→ The problem: Print the data exactly as written, line for line, and leave its pictures behind.

→ Study material:
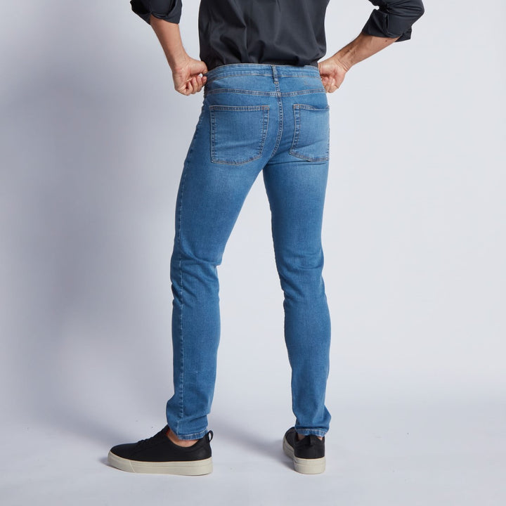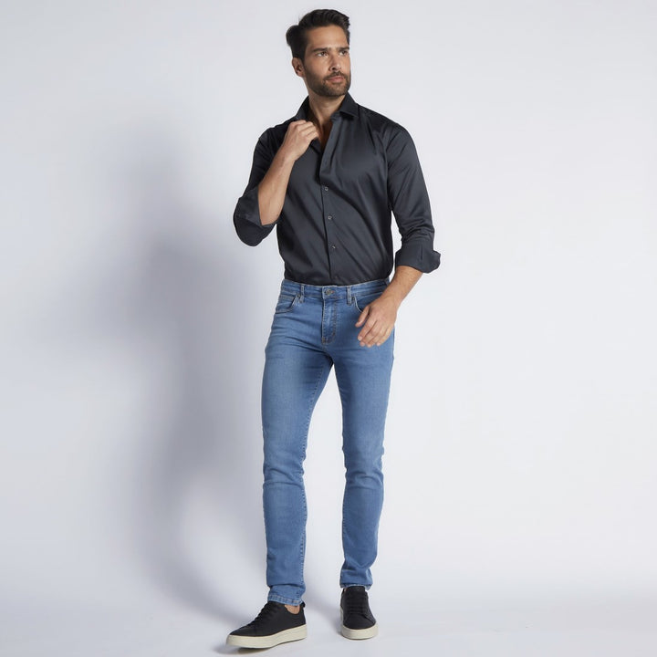 Calça Jeans Masculina Premium Skinny, modelagem de cintura média e corte anatômico nas costas. Feita em tecido de elastano, oferece leve elasticidade para liberdade de movimento e um toque macio e encorpado. Possui viés Comfort forrando o zíper, garantindo maior conforto ao vestir. Possui a frase “Vá cuidar da sua vida” estampada na parte interna da cintura.
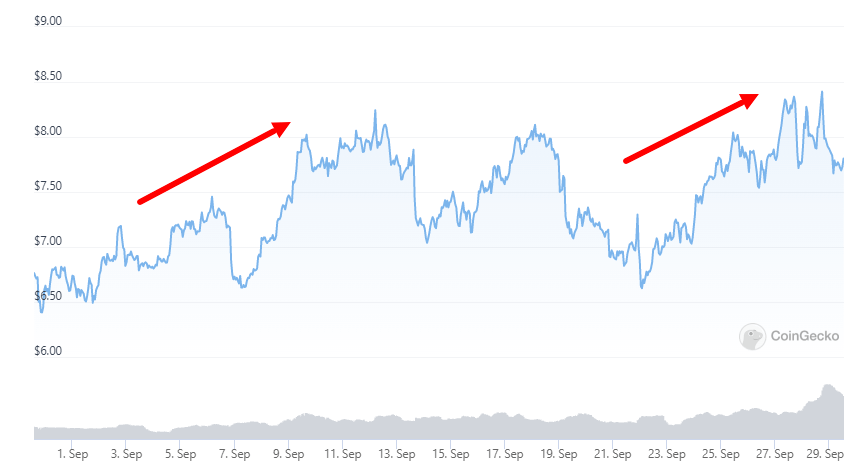 На данный момент криптовалюта стоит порядка 7,8$ с общей мировой капитализацией в 3 миллиарда долларов, что равняется 175 миллиардов рублей. А ежедневные торги проходят на сумму в 600 – 700 миллионов долларов. Отследить все показатели можно на сайте Tradingview.
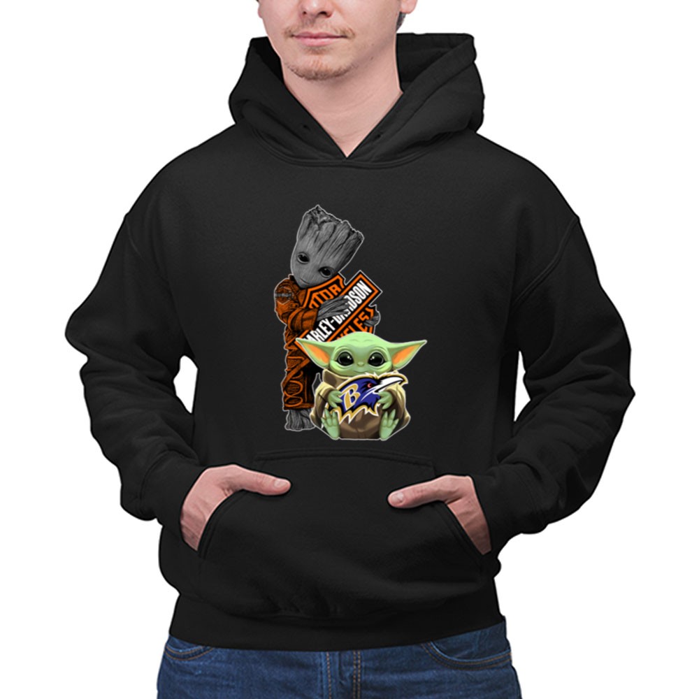 This design captures the joy of fandom by merging two iconic figures, Groot and Baby Yoda, each holding symbols of their respective passions. The playful mashup reflects a deep-seated affection for the Baltimore Ravens while celebrating the whimsy of pop culture. It’s a heartfelt tribute to fans who embrace their unique identities with humor and pride.
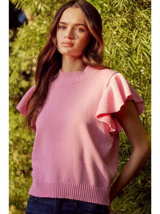 Ladies Jodifl Solid Knit Top With Crew Neck, Ruffled Shoulder, and Ribbed Hemline-Bubble Gum Pink
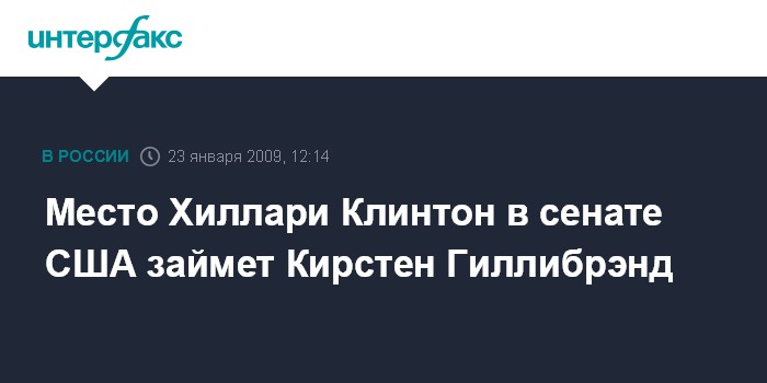 Москва. 23 января. INTERFAX.RU - Место в американском сенате, освободившееся в результате назначения Хиллари Клинтон на пост госсекретаря, займет 42-летняя Кирстен Гиллибрэнд, утверждает в пятницу газета "Нью-Йорк таймс".
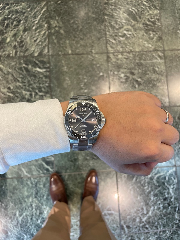 今回入荷したモデルは今年から新たに変更され始めているシリコン製のヒゲゼンマイを採用したムーブメントに変わっており、磁気にも強くなり、メーカー保証は安心の5年間となっています。これだけの変貌を遂げ、これだけの性能を持ち、価格は税抜き19万円。セラミックベゼルを装着した高機能ダイバーズとして、ありえないくらいの高いコストパフォーマンスを発揮しています。スタイリッシュでかっこいい、本格的なダイバーズをお探しの方は、ぜひ店頭で、ロンジン「ハイドロコンクエスト」をご覧ください。
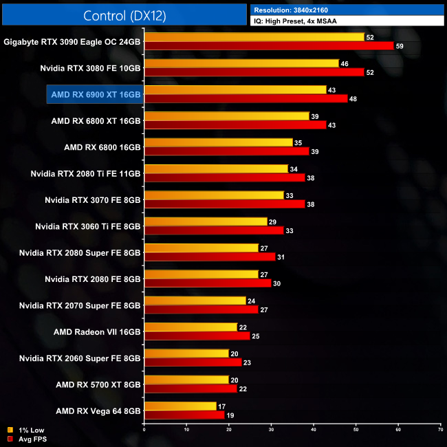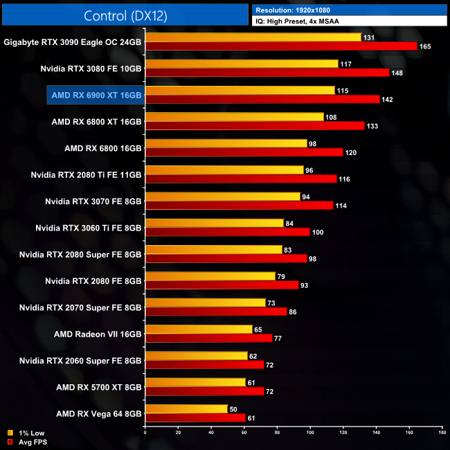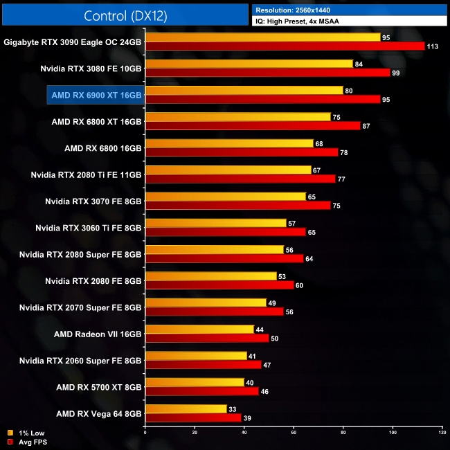 Our next game is Control, an Nvidia title and accordingly we see stronger performance from Team Green. At 1440p, the 6900 XT delivers 95FPS on average, putting it 9% ahead of the 6800 XT, but still 4% slower than the RTX 3080 and 16% slower than the RTX 3090.

→ The answer:
 Calça Jeans Masculina Premium Skinny, modelagem de cintura média e corte anatômico nas costas. Feita em tecido de elastano, oferece leve elasticidade para liberdade de movimento e um toque macio e encorpado. Possui viés Comfort forrando o zíper, garantindo maior conforto ao vestir. Possui a frase “Vá cuidar da sua vida” estampada na parte interna da cintura.
 На данный момент криптовалюта стоит порядка 7,8$ с общей мировой капитализацией в 3 миллиарда долларов, что равняется 175 миллиардов рублей. А ежедневные торги проходят на сумму в 600 – 700 миллионов долларов. Отследить все показатели можно на сайте Tradingview.
 This design captures the joy of fandom by merging two iconic figures, Groot and Baby Yoda, each holding symbols of their respective passions. The playful mashup reflects a deep-seated affection for the Baltimore Ravens while celebrating the whimsy of pop culture. It’s a heartfelt tribute to fans who embrace their unique identities with humor and pride.
 Ladies Jodifl Solid Knit Top With Crew Neck, Ruffled Shoulder, and Ribbed Hemline-Bubble Gum Pink
 Москва. 23 января. INTERFAX.RU - Место в американском сенате, освободившееся в результате назначения Хиллари Клинтон на пост госсекретаря, займет 42-летняя Кирстен Гиллибрэнд, утверждает в пятницу газета "Нью-Йорк таймс".
 今回入荷したモデルは今年から新たに変更され始めているシリコン製のヒゲゼンマイを採用したムーブメントに変わっており、磁気にも強くなり、メーカー保証は安心の5年間となっています。これだけの変貌を遂げ、これだけの性能を持ち、価格は税抜き19万円。セラミックベゼルを装着した高機能ダイバーズとして、ありえないくらいの高いコストパフォーマンスを発揮しています。スタイリッシュでかっこいい、本格的なダイバーズをお探しの方は、ぜひ店頭で、ロンジン「ハイドロコンクエスト」をご覧ください。
 Our next game is Control, an Nvidia title and accordingly we see stronger performance from Team Green. At 1440p, the 6900 XT delivers 95FPS on average, putting it 9% ahead of the 6800 XT, but still 4% slower than the RTX 3080 and 16% slower than the RTX 3090.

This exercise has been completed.